3 Most of the rationale for algorithms in Boost.Math is held in a specific Quickbook Rationale section. It's not ideal to expect casual users to need to ferret into the namespace detail header file. Another section on Accuracy could provide a suitable place for warnings too?

4 Now, I'm not convinced at the value of a worked example of the KS-test, especially as most would-be users should get a firm nudge towards the Anderson-Darling test already implemented by @NAThompson.

5 Traditionally, Boost.math's mantra has been "First be right, then be Fast", so a future 'more exact' implementation would be excellent.

evanmiller commented 3 years ago

Well, I've given my private rationale for contributing this code elsewhere - the limiting distribution is not useless, it's not trivial, and it's not freely available in C/C++ form. I didn't use Jacobi theta to be "cool" but rather implemented the Jacobi theta functions in order to ensure the accuracy of this limiting distribution. The K-S code being small is a side-effect of me putting most of my time and effort into the Theta functions.

I think the confusion perhaps rightly arises out of the interface design. You'll see in #421 that I originally proposed putting "asymptotic" in the K-S name to be as clear as possible, but I decided instead to parameterize it with N so that small-N implementations could be dropped in later. It's possible that this was a mistake, but I didn't hear objections at the time.

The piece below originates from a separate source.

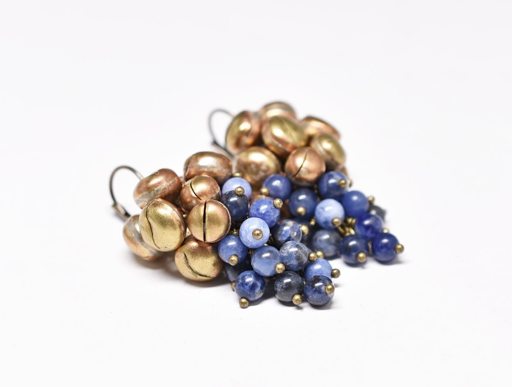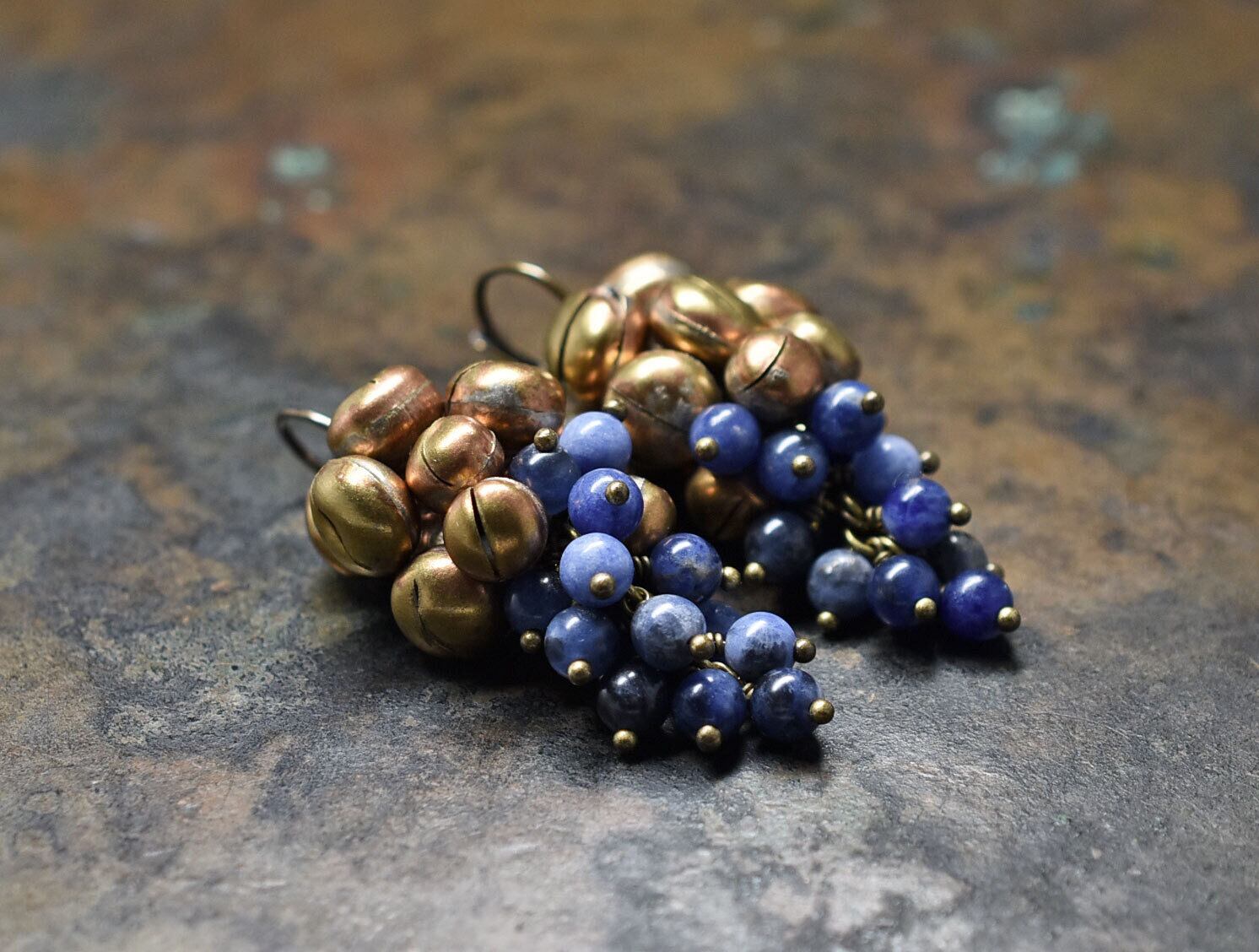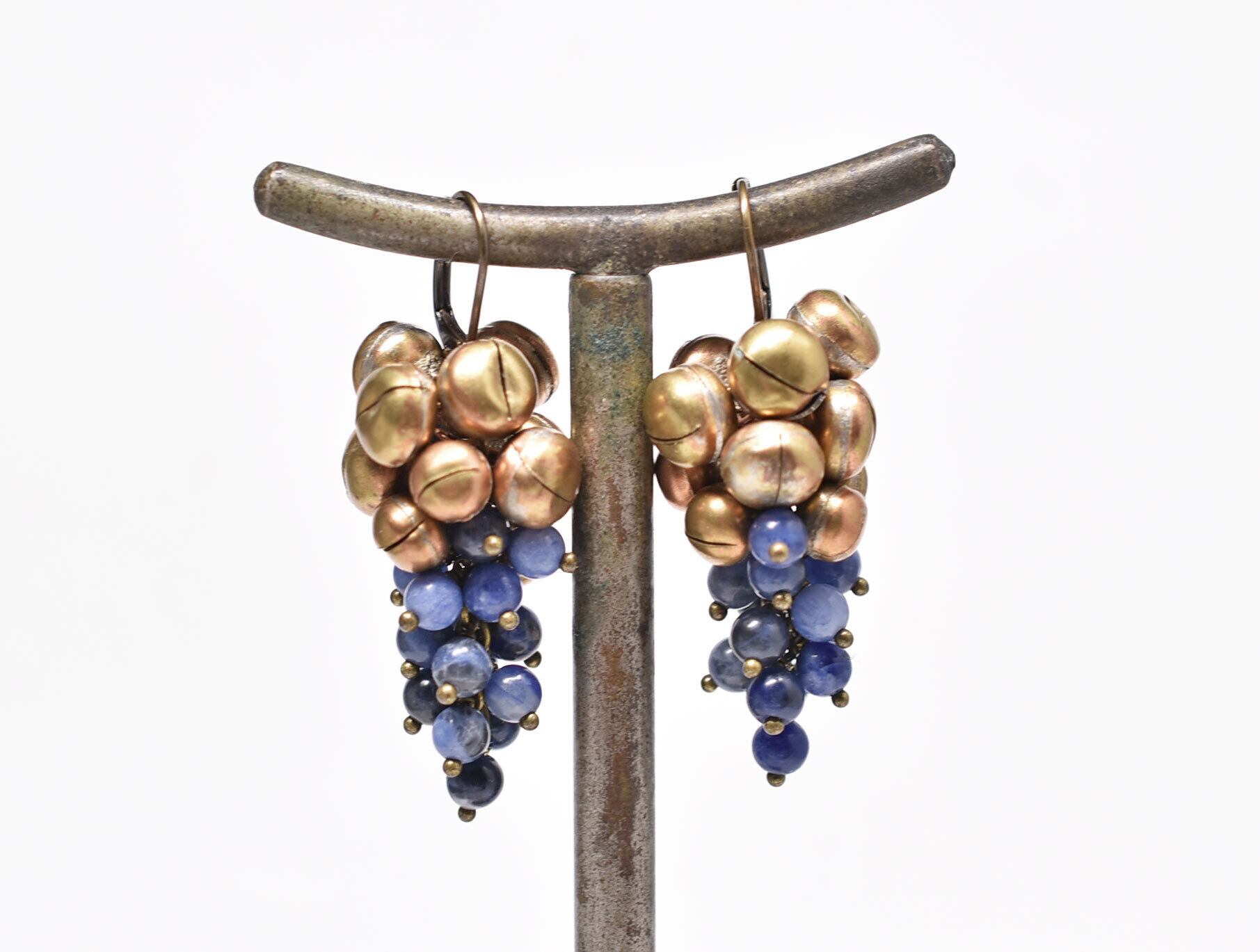 たわわな鈴とソーダライトを繋いだ実りのピアスです。

If it's your judgment that end users are currently better served by A-D or by the Python/R implementations, then we can certainly skip the worked example until a more exact implementation is in place. I am also happy to look at any proposed changes to the documentation. For what's worth, I believe that the inaccuracies relative to the exact version will tend to inflate the Type II error rate rather than Type I error rate - while obviously not ideal, this is often acceptable in hypothesis-testing research contexts.

pabristow commented 3 years ago

I'm sorry if 'cool' came over as derogatory - it was't meant - after all it IS COOL!

And leads to small code size, so that is a use case.

I'm only concerned about confusion when the less-informed like me compare with other implementations. But clearer documentation should help.